Is your ES-135 a P-90 equipped model, or HB-equipped. If P-90, I can't see any particular advantage to paying more for the switching capabilities of the Freeway.


----------



## Cups (Jan 5, 2010)

Should have clarified; it had p-90s but there are 4 conductor humbuckers now. I have push pull pots for series/parallel switching now. They don't feel good for guitar volume purposes though but that's for another thread....


----------



## GTmaker (Apr 24, 2006)

I'm not implying that you dont know what your doing but I would suggest that the most important component
in making your guitar sound clean and noise free is the actual wireing.
Using quality components goes with out saying BUT you still have to put all the pieces together.

Does this look like something that you'll be going for.?








and thats just on the switch end...

G.


----------



## Cups (Jan 5, 2010)

Should my switches be lasting longer? I've had the guitar for twenty years. I'd say a switch lasting ten years isn't bad but was wondering if there is something I'm missing. I'd also like to hear from people who install and fix these things. It seems there hasn't been much of an evolution to these switches.


----------



## dradlin (Feb 27, 2010)

The life span of a toggle switch will relate to: how much you use it; the environment and environmental changes that it is subjected to; how you maintain it; and it's initial design, materials, and construction.

On a LP type of guitar, I've encounter no switch remotely close to a Switchcraft. 

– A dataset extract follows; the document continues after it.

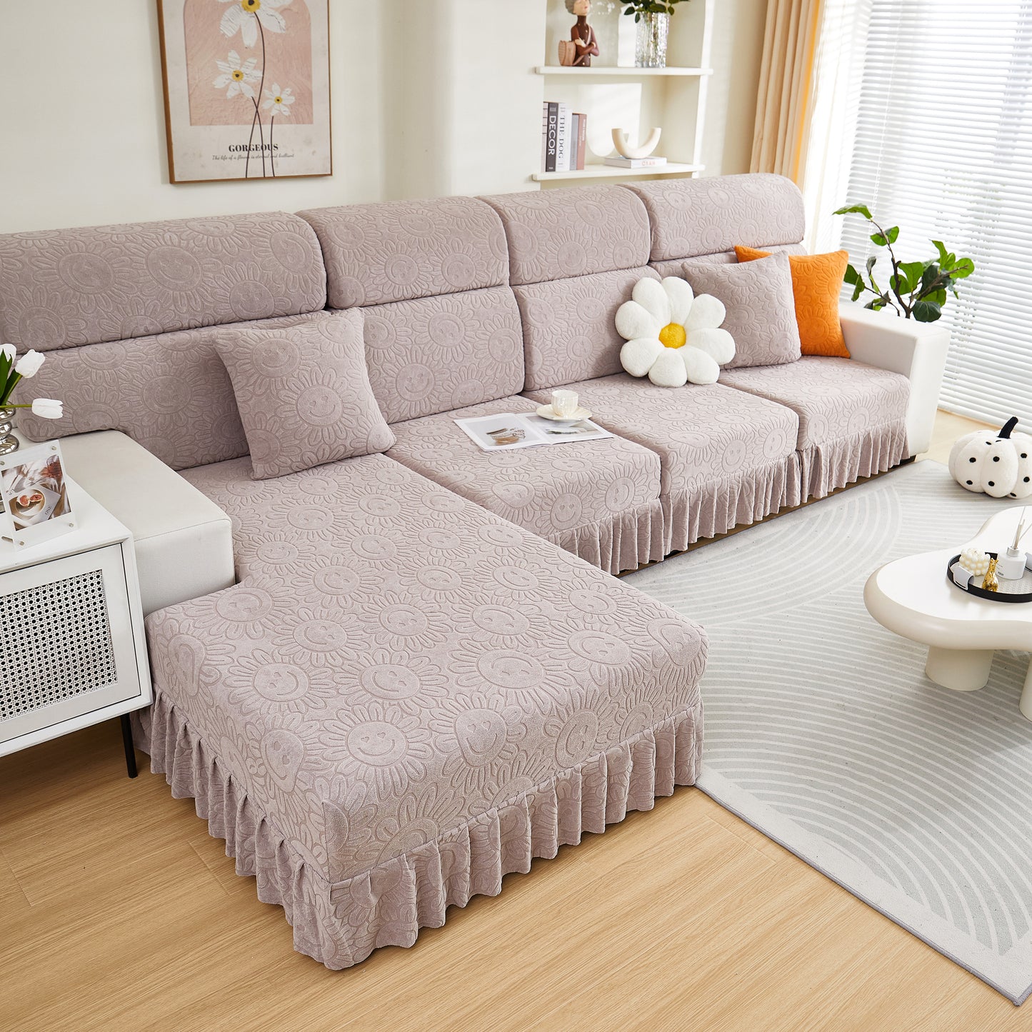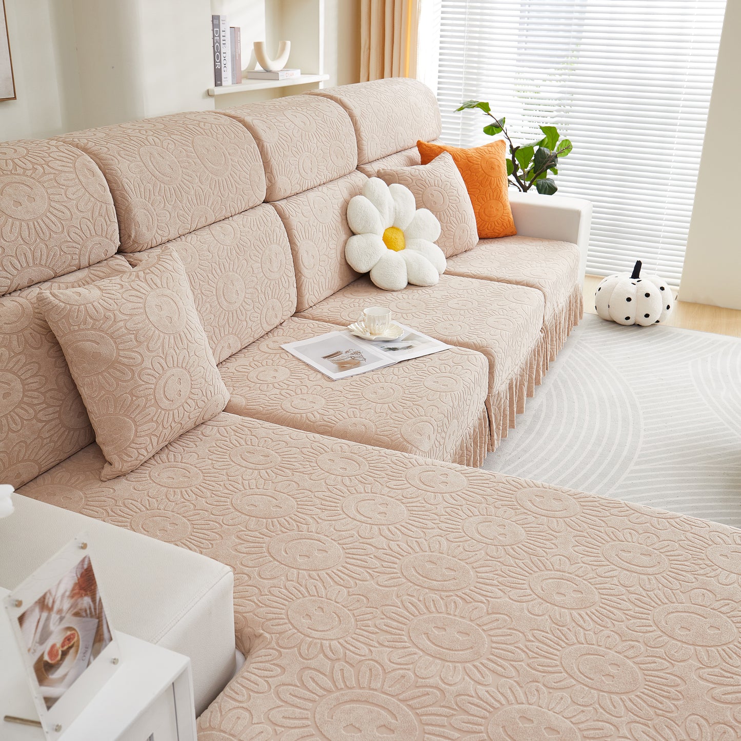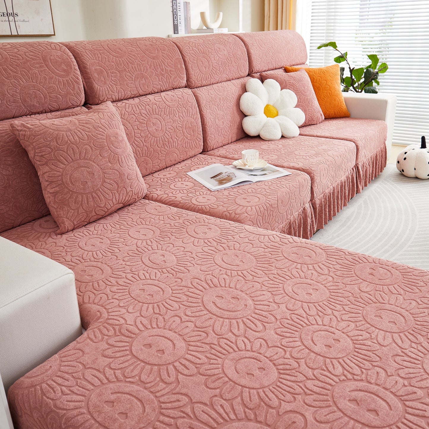 Sofföverdrag, solrosmönstrade elastiska soffkuddöverdrag för 1/2/3/4-sits soffor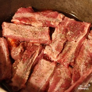 Свиные ребрышки помыть, порезать порционно. Посолить, поперчить.

I haven't seen a Free-Way switch, but the added switching modes cause me to ponder it's long term durability and quiet operation, particularly for one who has a durability issue with a Switchcraft.


----------



## mhammer (Nov 30, 2007)

Lifespan will depend on how much you switch (for example, are you one of those folks who use rapid back and forth switching as an effect?), but also the atmospheric conditions around the guitar that may contribute to varying degrees of tarnish and its rate of accumulation. Replacement after 10 years is certainly a nuisance for an instrument of that form-factor, but in terms of cost, I would not personally consider it unreasonable.


----------



## HansenKustoms (Dec 16, 2013)

The Freeway toggles are decent quality but nowhere near as robust as switchcraft


----------